Victoza improves blood sugar levels by creating the same effects in the body as the glucagon-like peptide (GLP-1) receptor protein in the pancreas. GLP-1 is often found in insufficient levels in type 2 diabetes patients. Like GLP-1, Victoza slows digestion, prevents the liver from making too much glucose (a simple sugar), and helps the pancreas produce more insulin when needed. As noted on the label, Victoza is not a substitute for insulin and is not indicated for patients with type 1 diabetes or those with diabetic ketoacidosis, a condition associated with diabetes where the body breaks down fat too quickly because there is inadequate insulin or none at all. Victoza is also indicated to reduce the risk of major adverse cardiovascular events in adults with type 2 diabetes and established cardiovascular disease; however, its effect on major adverse cardiovascular events in pediatrics was not studied and it is not indicated for this use in children.
The efficacy and safety of Victoza for reducing blood sugar in patients with type 2 diabetes was studied in several placebo-controlled trials in adults and one placebo-controlled trial with 134 pediatric patients 10 years and older for more than 26 weeks. Approximately 64% of patients in the pediatric study had a reduction in their hemoglobin A1c (HbA1c) below 7% while on Victoza, compared to only 37% who achieved these results with the placebo. HbA1c is a blood test that is routinely performed to evaluate how well a patient’s diabetes is controlled, and a lower number indicates better control of the disease. These results occurred regardless of whether the patient also took insulin at the same time. Adult patients who took Victoza with insulin or other drugs that increase the amount of insulin the body makes (e.g., sulfonylurea) may have an increased risk of hypoglycemia (low blood sugar). Meanwhile, pediatric patients 10 years and older taking Victoza had a higher risk of hypoglycemia regardless of whether they took other therapies for diabetes.

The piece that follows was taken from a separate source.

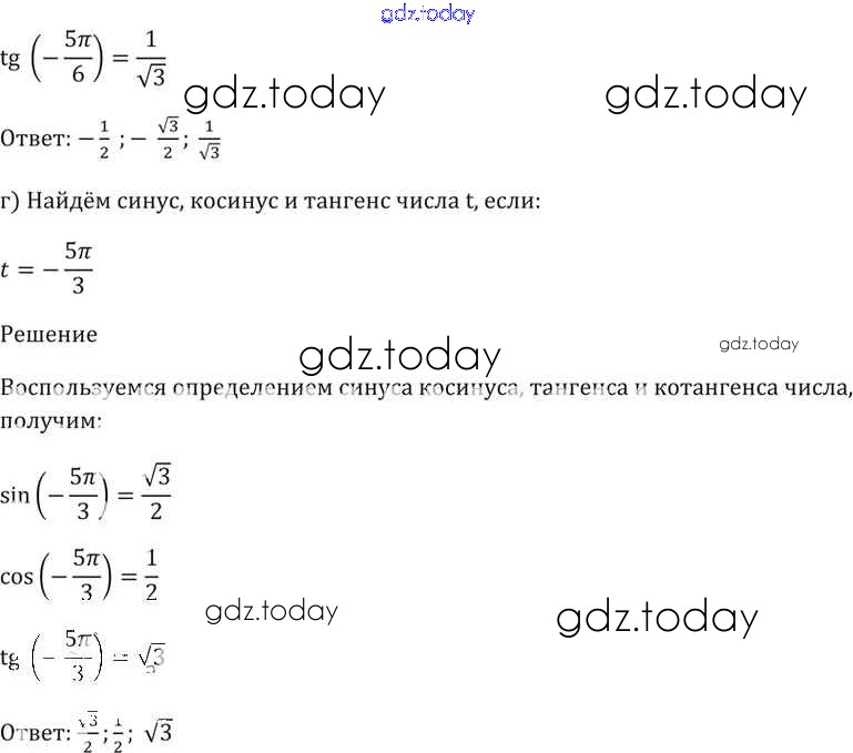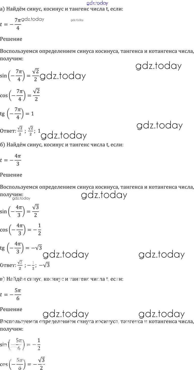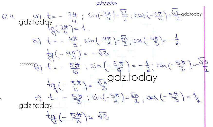 Ответы к §6. Синус и косинус. Тангенс и катангенс Глава 2 6. 4 Задачнику по Алгебре для 10-11 класса Мордкович, Денищева Базовый уровень Мнемозина 2015

The prescribing information for Victoza includes a Boxed Warning to advise health care professionals and patients about the increased risk of thyroid C-cell tumors. For this reason, patients who have had, or have family members who have ever had medullary thyroid carcinoma (MTC) should not use Victoza, nor should patients who have an endocrine system condition called multiple endocrine neoplasia syndrome type 2 (MEN 2). In addition, people who have a prior serious hypersensitivity reaction to Victoza or any of the product components should not use Victoza. Victoza also carries warnings about pancreatitis, Victoza pen sharing, hypoglycemia when used in conjunction with certain other drugs known to cause hypoglycemia including insulin and sulfonylurea, renal impairment or kidney failure, hypersensitivity and acute gallbladder disease. The most common side effects are nausea, diarrhea, vomiting, decreased appetite, indigestion and constipation.
The FDA granted this application Priority Review. The approval of Victoza was granted to Novo Nordisk.

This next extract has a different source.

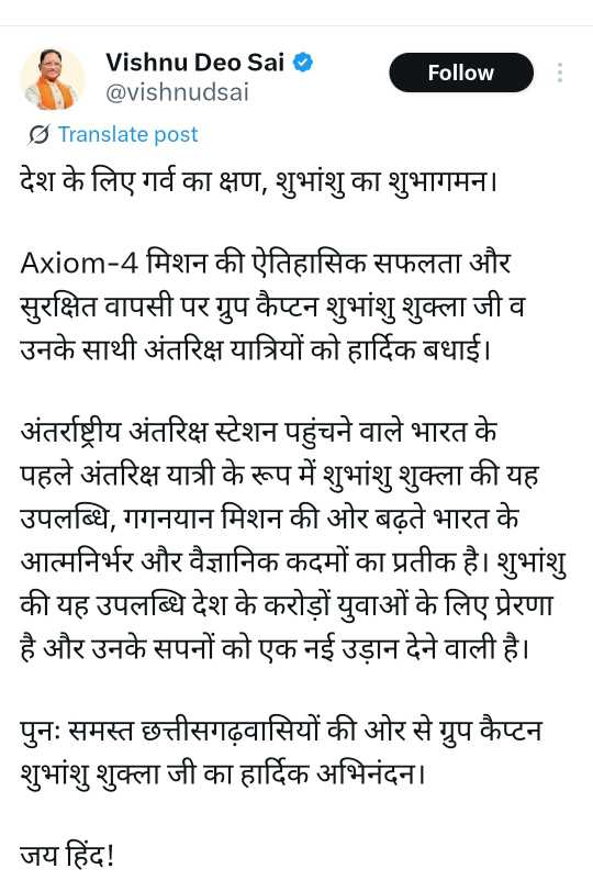 मुख्यमंत्री श्री साय ने इस अवसर पर सोशल मीडिया एक्स पर पोस्ट करते हुए कहा कि अंतर्राष्ट्रीय अंतरिक्ष स्टेशन पहुंचने वाले भारत के पहले अंतरिक्ष यात्री के रूप में शुभांशु शुक्ला की यह उपलब्धि, गगनयान मिशन की ओर बढ़ते भारत के आत्मनिर्भर और वैज्ञानिक कदमों का प्रतीक है। शुभांशु की यह उपलब्धि देश के करोड़ों युवाओं के लिए प्रेरणा है और उनके सपनों को एक नई उड़ान देने वाली है।

The FDA, an agency within the U.S. Department of Health and Human Services, protects the public health by assuring the safety, effectiveness, and security of human and veterinary drugs, vaccines and other biological products for human use, and medical devices. The agency also is responsible for the safety and security of our nation’s food supply, cosmetics, dietary supplements, products that give off electronic radiation, and for regulating tobacco products.